Il giardino del Ryōan-ji è un paesaggio che in un certo senso rappresenta tutti i paesaggi: ne mostra la parte essenziale, semplice, povera. Attraverso questa forma artistica si può comprendere quale sia la visione della realtà per le dottrine zen: dunque una struttura specifica, un giardino particolare, che allo stesso tempo però nasconde e mostra ciò che anche tutti gli altri giardini sono, emerge quell’esperienza del vuoto che sta al fondo delle cose. Per comprendere questo è molto utile fare riferimento a ciò che il filosofo Ryōsuke Ōhashi mette in evidenza nel suo scritto Kire: il bello in Giappone. Egli parla dell’espressione «formazione dell’assenza di forma». Cosa si vuole intendere con questa frase complessa?
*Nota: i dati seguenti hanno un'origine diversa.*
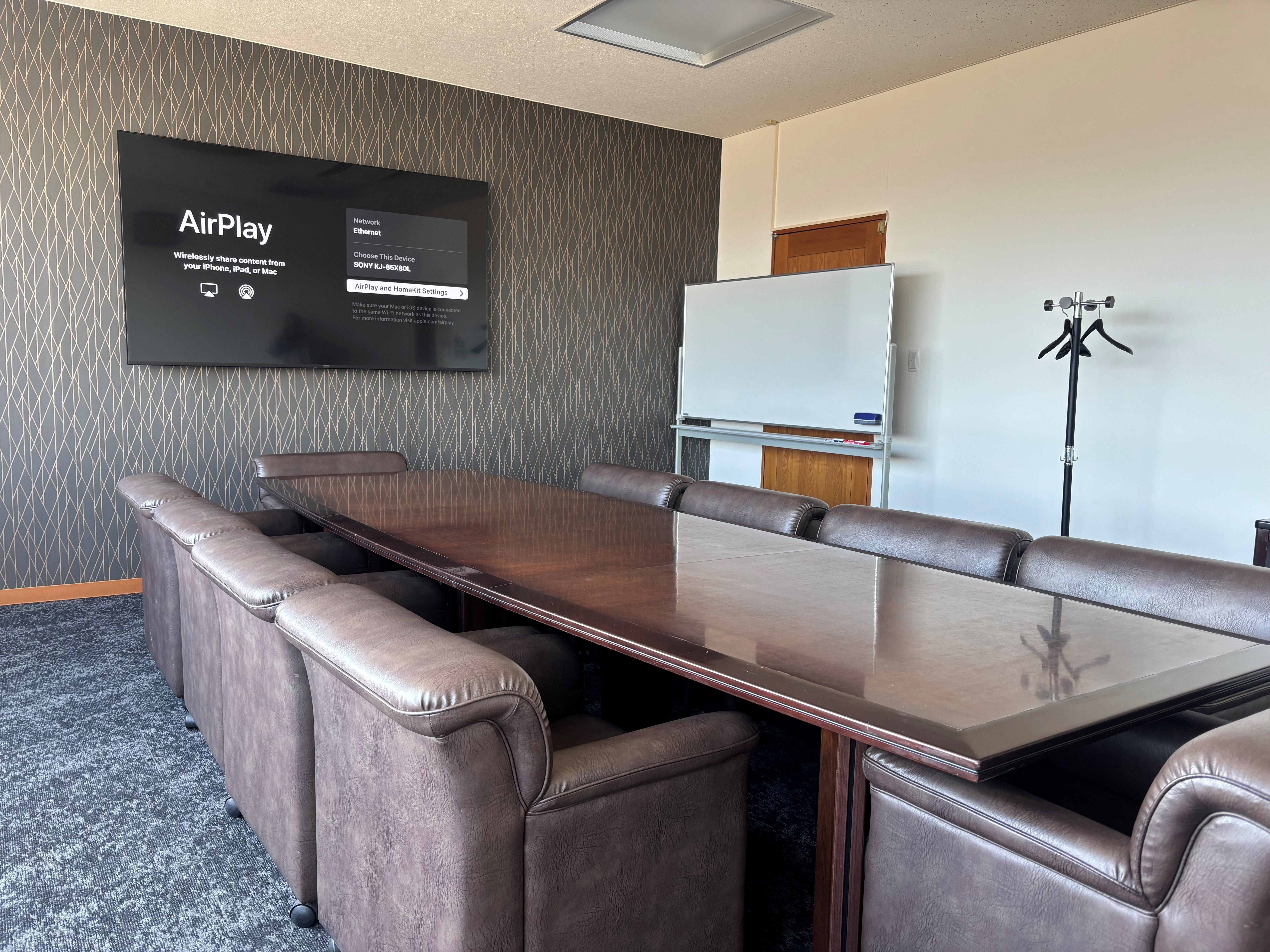 講師控室、面接・面談などのシーンに最適な応接タイプのお部屋です。 TV大型モニター(85インチ)はPC連動可でミーティングにも最適の環境設備です。 ホワイトボード1台常設 フリーWi-Fi完備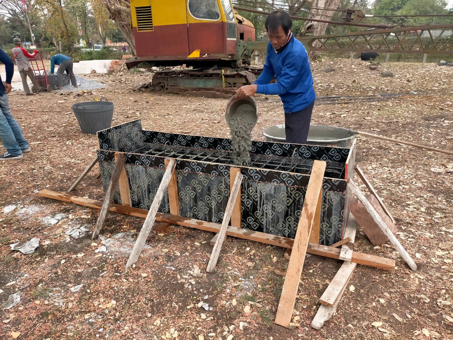 - หาหินเก่าที่ขนาดพอใช้ได้นำมาแต่งเพื่อเสริมความสมบูรณ์ของหน้าบัน รอการนำขึ้นนิดตั้ง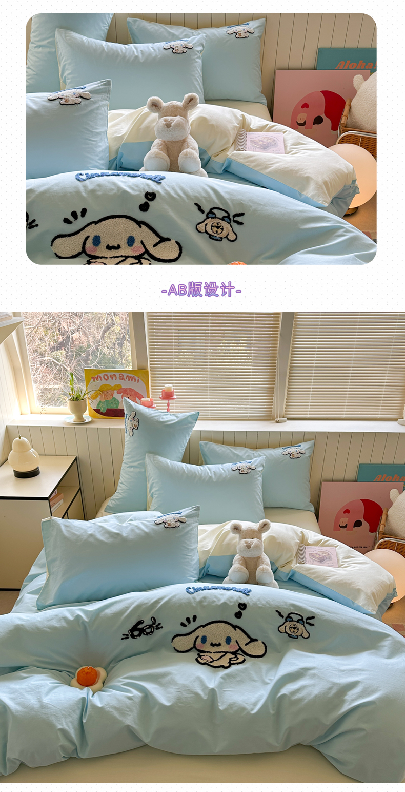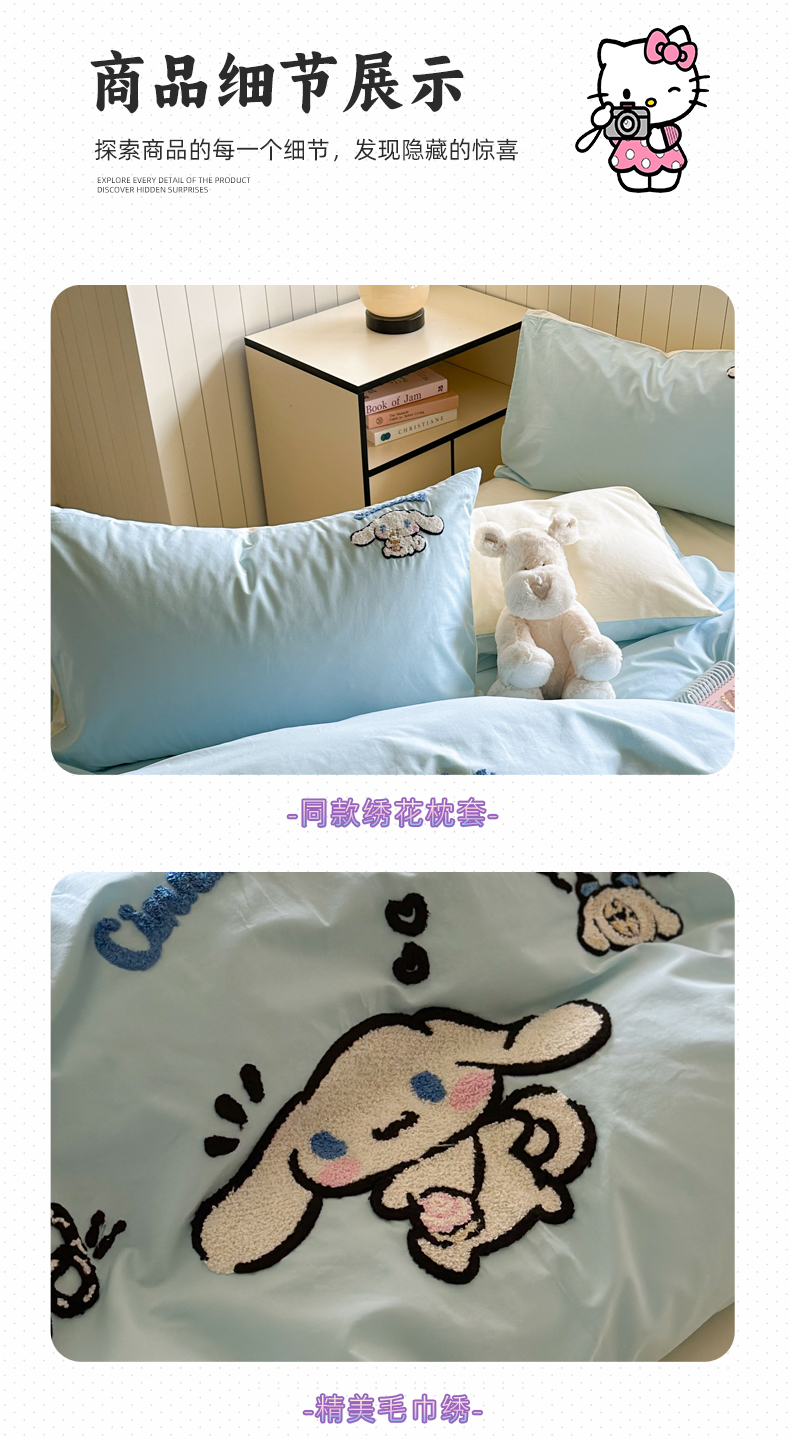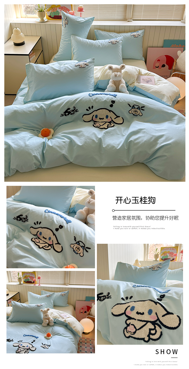 (总)金爱家 2025新款A类三丽鸥正版授权云柔水洗棉兔毛贴布绣刺绣软糯系列四件套,云柔水洗棉-贴布绣粉格KT,云柔水洗棉-贴布绣蓝格布丁狗,云柔水洗棉-贴布绣蓝格KT,云柔水洗棉-贴布绣美乐蒂,云柔水洗棉-贴布绣萌萌布丁狗,云柔水洗棉-贴布绣你好大耳狗,云柔水洗棉-贴布绣紫格库洛米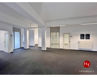 Die Gewerbefläche liegt im Hochparterre- und Kellergeschoss und ist von einer Rampe mit Treppenaufgang zu erreichen. Über eine doppelflügelige Eingangstür ist die Bürofläche mit ca. 140 m² im Hochparterre zu erreichen. Hier werden Sie von einem ca. 52 m² großen Empfangs-/Großraumbüro empfangen. Von diesem sind zwei weitere Büroräume mit großen Fensterfronten sowie ein separater Server- oder Archivraum zu erreichen. Ihnen und Ihren Mitarbeitern steht außerdem ein ca. 26 m² großer Aufenthaltsraum mit Einbauküche zur Verfügung.

Nel suo essere povero, secco, nella sua semplicità ed essenzialità, questo giardino è come se contenesse in sé tutti i giardini, come se desse una certa rappresentazione della realtà. E in questa rappresentazione «lì, dove montagne e acque “seccano”, vale a dire scompaiono, vengono messe in forma; lì dove la forma viene annullata, essa viene abbozzata»: è proprio nella semplicità, dove la vita viene meno, dove le cose vengono rappresentate nella loro essenzialità che si comprendono le qualità della realtà. Queste qualità emergono proprio nel momento in cui viene meno la forma, la costruzione si fa semplice e povera: la forma viene abbozzata proprio quando diviene assente, poiché è il vuoto ad essere la forma delle cose. Questo vuoto che è tutte le cose attraverso il giardino ci restituisce una realtà provvisoria, effimera, impermanente e interconnessa, dove ogni elemento è interdipendente da altri. Il giardino del Ryōan-ji attraverso la sua composizione fa emergere le qualità delle cose nel senso che esso, mettendo degli elementi in forma, disponendoli in modo da farne emergere caratteristiche particolari, attraverso l’arte permette di intravedere che le cose sono al loro fondo vuote, interconnesse, provvisorie: le pietre sono collocate in gruppi e non possono essere percepite come singoli, lo spazio bianco della sabbia è come vuoto e si relaziona a questi elementi, i quali rappresentano la vita nella sua forma di provvisorietà, povertà, semplicità.
Ōhashi conclude: «attraverso il processo di essiccazione viene alla luce l’autentico modo d’essere del fiore. Fiorire rappresenta un accrescimento della vita. In questa somma attività si manifesta la forza vitale, e tuttavia al contempo la vita cela così uno dei suoi tratti essenziali: la mortalità».